• _Exercise aim_: Apart from the pictures, please restate every entry below exactly.

• _Task data_:
----------
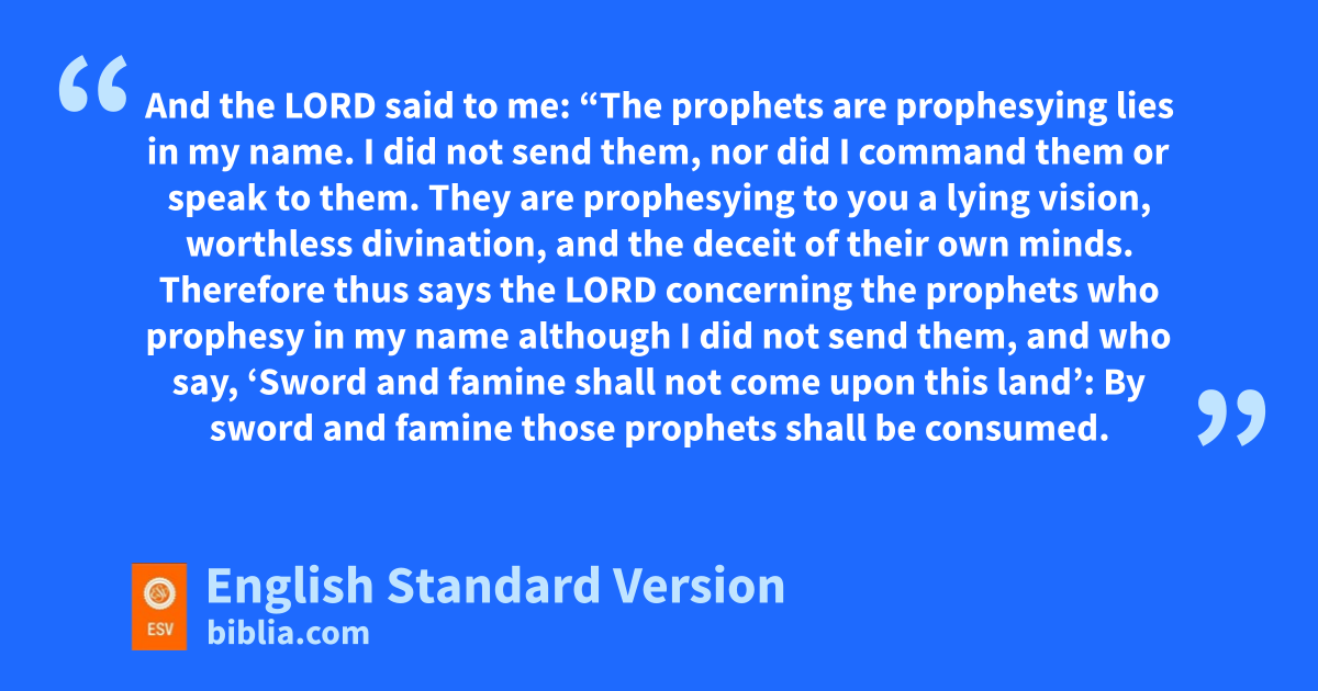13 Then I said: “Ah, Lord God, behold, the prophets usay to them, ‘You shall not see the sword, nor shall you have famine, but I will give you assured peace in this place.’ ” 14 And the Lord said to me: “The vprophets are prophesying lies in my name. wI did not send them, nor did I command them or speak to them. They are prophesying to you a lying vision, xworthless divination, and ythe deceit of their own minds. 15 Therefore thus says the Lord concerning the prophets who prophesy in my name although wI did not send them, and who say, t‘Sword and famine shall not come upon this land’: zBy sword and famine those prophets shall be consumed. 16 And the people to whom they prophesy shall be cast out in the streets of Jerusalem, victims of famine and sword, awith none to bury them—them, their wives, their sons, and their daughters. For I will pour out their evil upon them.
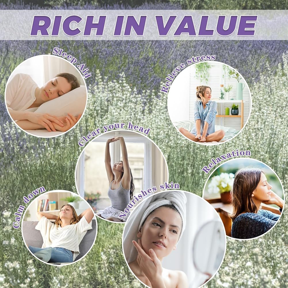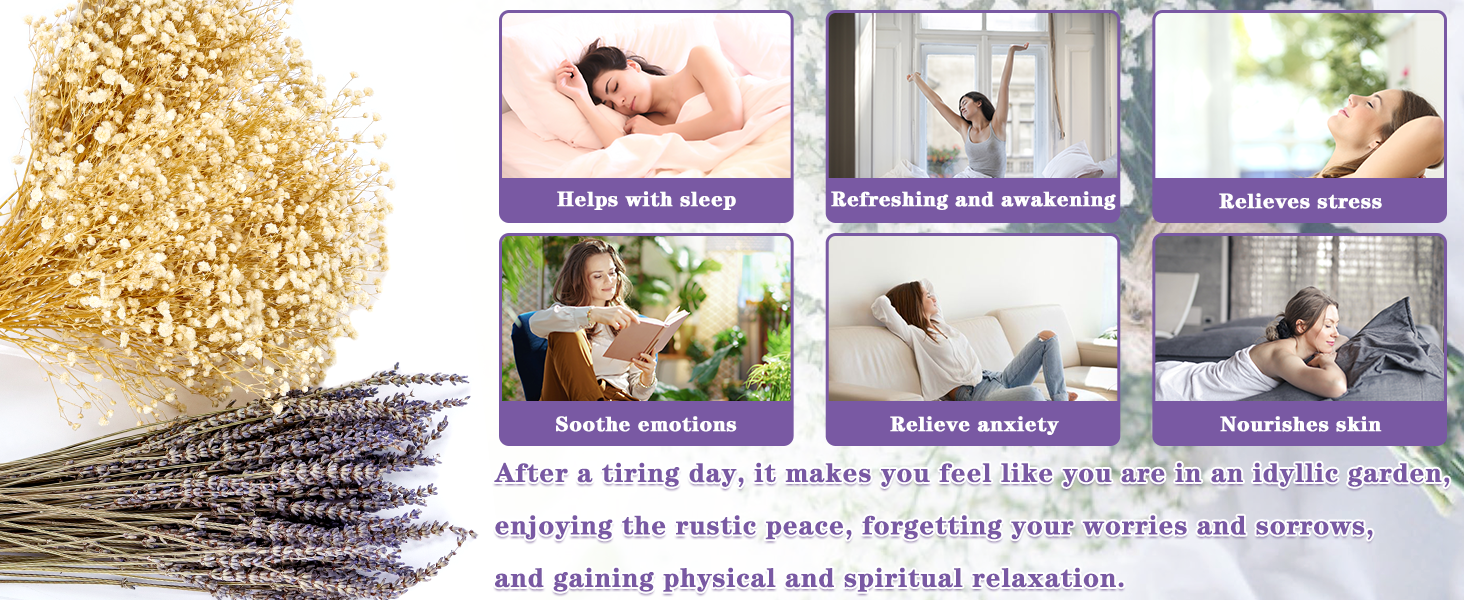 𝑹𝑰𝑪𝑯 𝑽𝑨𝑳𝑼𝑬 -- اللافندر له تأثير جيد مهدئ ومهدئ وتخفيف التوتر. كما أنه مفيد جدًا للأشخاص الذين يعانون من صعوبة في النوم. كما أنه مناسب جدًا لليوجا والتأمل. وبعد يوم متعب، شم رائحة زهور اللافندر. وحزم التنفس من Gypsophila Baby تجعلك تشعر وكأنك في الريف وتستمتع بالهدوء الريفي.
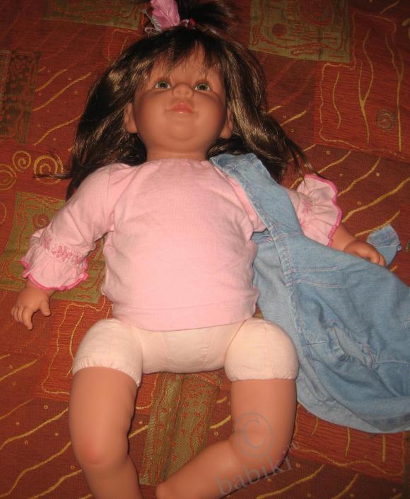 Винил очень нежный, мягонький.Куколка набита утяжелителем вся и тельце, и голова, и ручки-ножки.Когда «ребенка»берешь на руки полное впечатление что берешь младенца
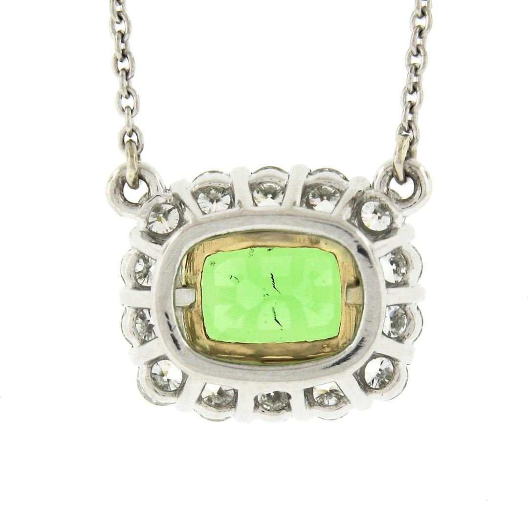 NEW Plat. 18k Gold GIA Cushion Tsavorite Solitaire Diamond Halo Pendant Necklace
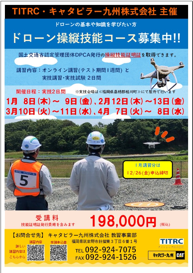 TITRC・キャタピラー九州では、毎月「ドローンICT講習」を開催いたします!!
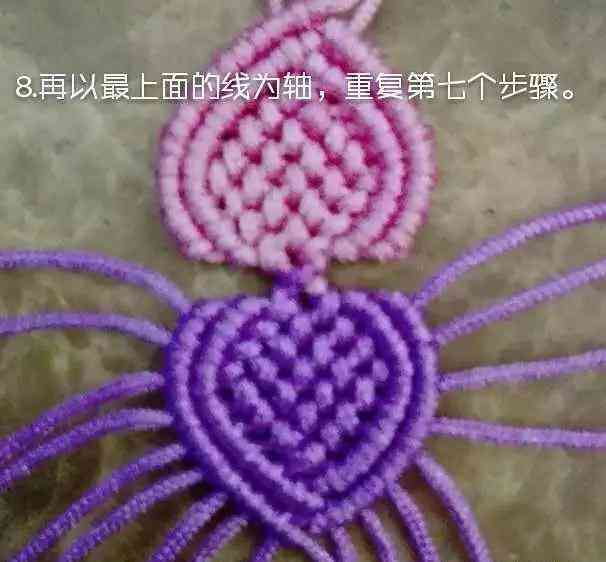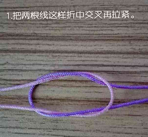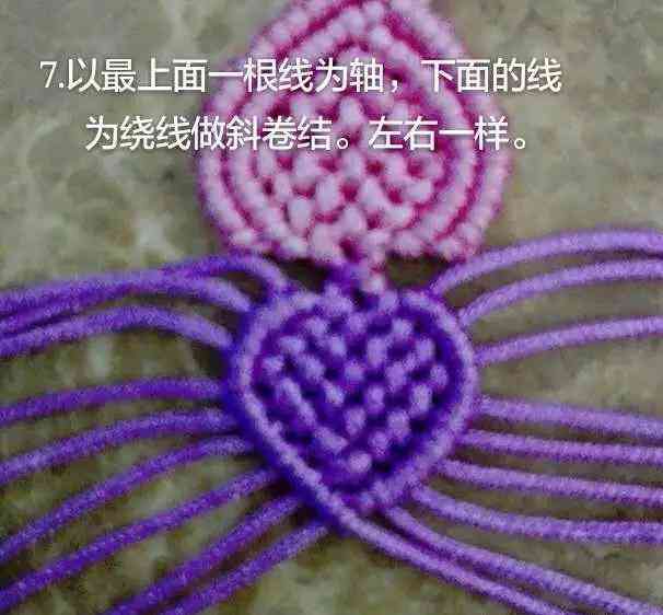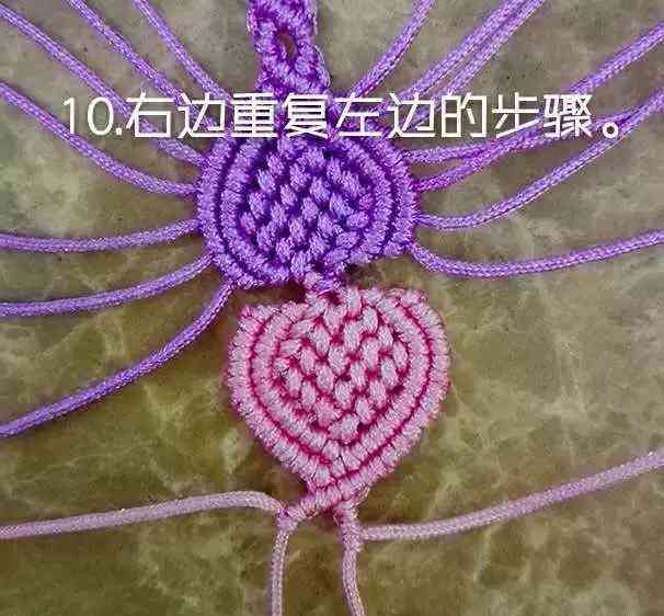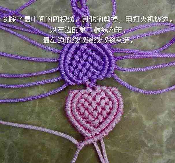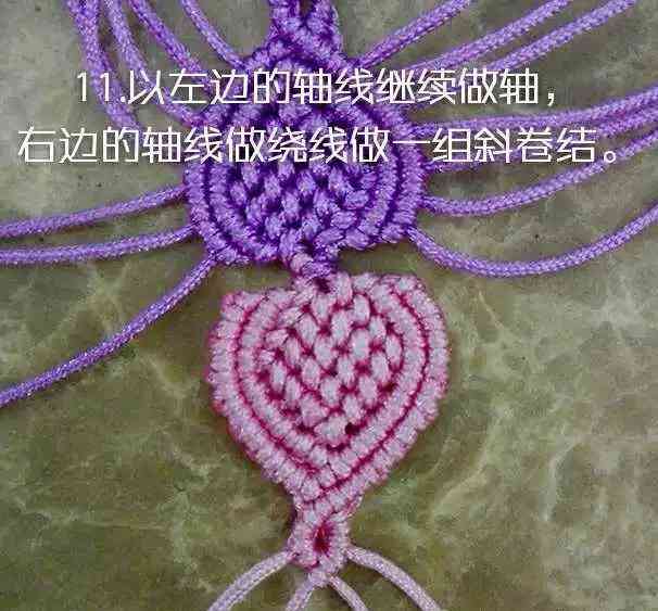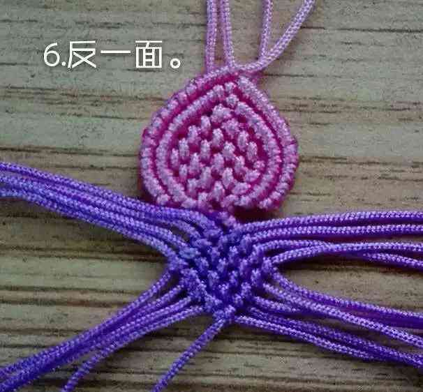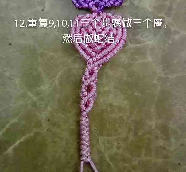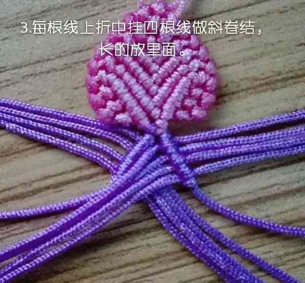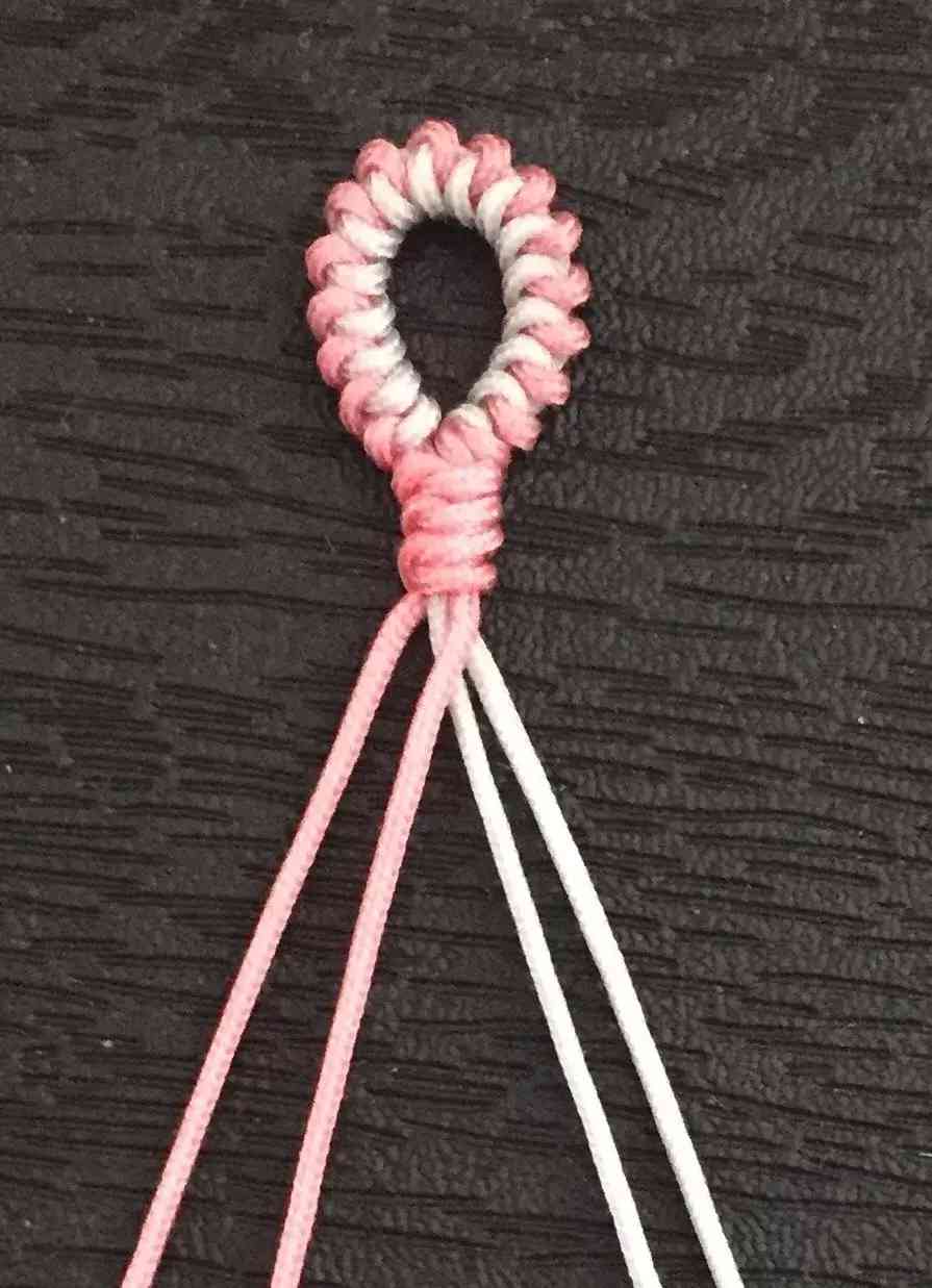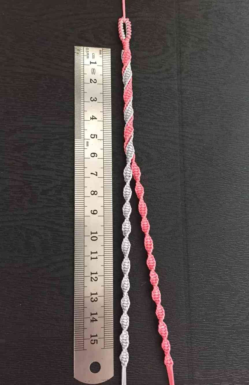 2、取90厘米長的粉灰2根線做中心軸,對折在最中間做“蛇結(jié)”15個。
----------
• _The completed task_:
13 Then I said: “Ah, Lord God, behold, the prophets usay to them, ‘You shall not see the sword, nor shall you have famine, but I will give you assured peace in this place.’ ” 14 And the Lord said to me: “The vprophets are prophesying lies in my name. wI did not send them, nor did I command them or speak to them. They are prophesying to you a lying vision, xworthless divination, and ythe deceit of their own minds. 15 Therefore thus says the Lord concerning the prophets who prophesy in my name although wI did not send them, and who say, t‘Sword and famine shall not come upon this land’: zBy sword and famine those prophets shall be consumed. 16 And the people to whom they prophesy shall be cast out in the streets of Jerusalem, victims of famine and sword, awith none to bury them—them, their wives, their sons, and their daughters. For I will pour out their evil upon them.
 𝑹𝑰𝑪𝑯 𝑽𝑨𝑳𝑼𝑬 -- اللافندر له تأثير جيد مهدئ ومهدئ وتخفيف التوتر. كما أنه مفيد جدًا للأشخاص الذين يعانون من صعوبة في النوم. كما أنه مناسب جدًا لليوجا والتأمل. وبعد يوم متعب، شم رائحة زهور اللافندر. وحزم التنفس من Gypsophila Baby تجعلك تشعر وكأنك في الريف وتستمتع بالهدوء الريفي.
 Винил очень нежный, мягонький.Куколка набита утяжелителем вся и тельце, и голова, и ручки-ножки.Когда «ребенка»берешь на руки полное впечатление что берешь младенца
 NEW Plat. 18k Gold GIA Cushion Tsavorite Solitaire Diamond Halo Pendant Necklace
 TITRC・キャタピラー九州では、毎月「ドローンICT講習」を開催いたします!!
 2、取90厘米長的粉灰2根線做中心軸,對折在最中間做“蛇結(jié)”15個。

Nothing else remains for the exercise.